ACTION ITEM
Take each line below that has "Blanches" and copy it.

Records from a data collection
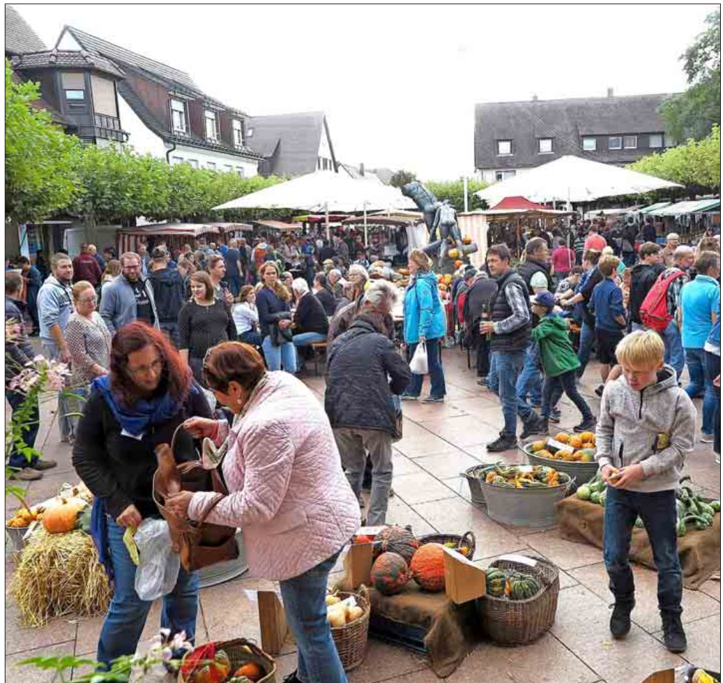
Großer Besucherandrang beim Neuenburger Kartoffelmarkt mit verkaufsoffenem Feiertag

de Ernährung, Kochen mit Kartoffeln, Wissenswertes zu den Kartoffelsorten, Informationen über regionale Erzeugerbetriebe - zu allen Themen gab es nicht nur Flyer, sondern geschulte Ansprechpartner, die sich gerne Zeit für Fragen nahmen. Mit dabei war in diesem Jahr auch ein Infostand der Stadt zur „Sanierungswelle 2“, dem derzeit laufenden Sanierungsprojekt Orts-
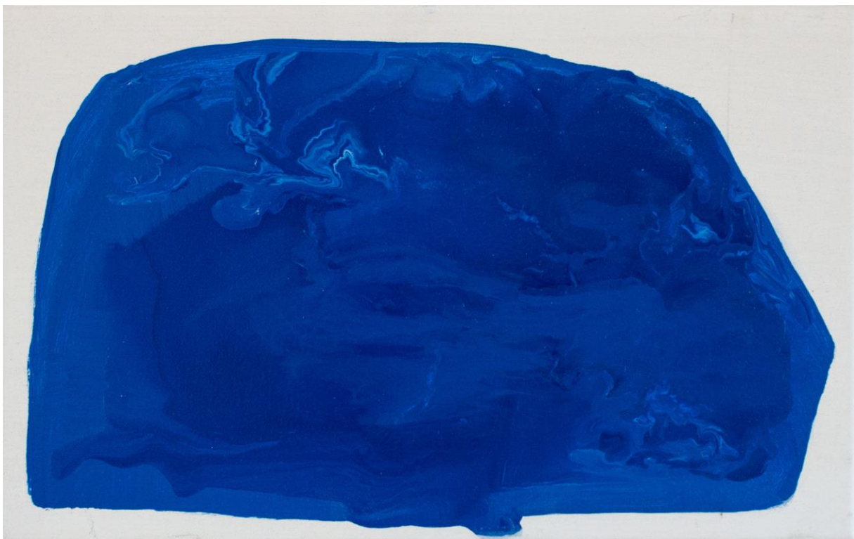
Horňák , balakryl na plátně, 40 x 25 cm, 2019
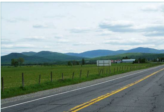
Vue des Montagnes Blanches

La portion de la région naturelle des Montagnes Blanches, comprise dans la zone d'étude, chevauche un seul ensemble physiographique, celui des hautes collines du Mont-Gosford, qui se prolonge au delà de la frontière avec les États-Unis. À son tour, cet ensemble se fractionne en trois unités de paysage : les collines du Porc-Épic, le mont Flat Top et le Mont-Gosford.

ANSWER SPACE
Vue des Montagnes Blanches
La portion de la région naturelle des Montagnes Blanches, comprise dans la zone d'étude, chevauche un seul ensemble physiographique, celui des hautes collines du Mont-Gosford, qui se prolonge au delà de la frontière avec les États-Unis. À son tour, cet ensemble se fractionne en trois unités de paysage : les collines du Porc-Épic, le mont Flat Top et le Mont-Gosford.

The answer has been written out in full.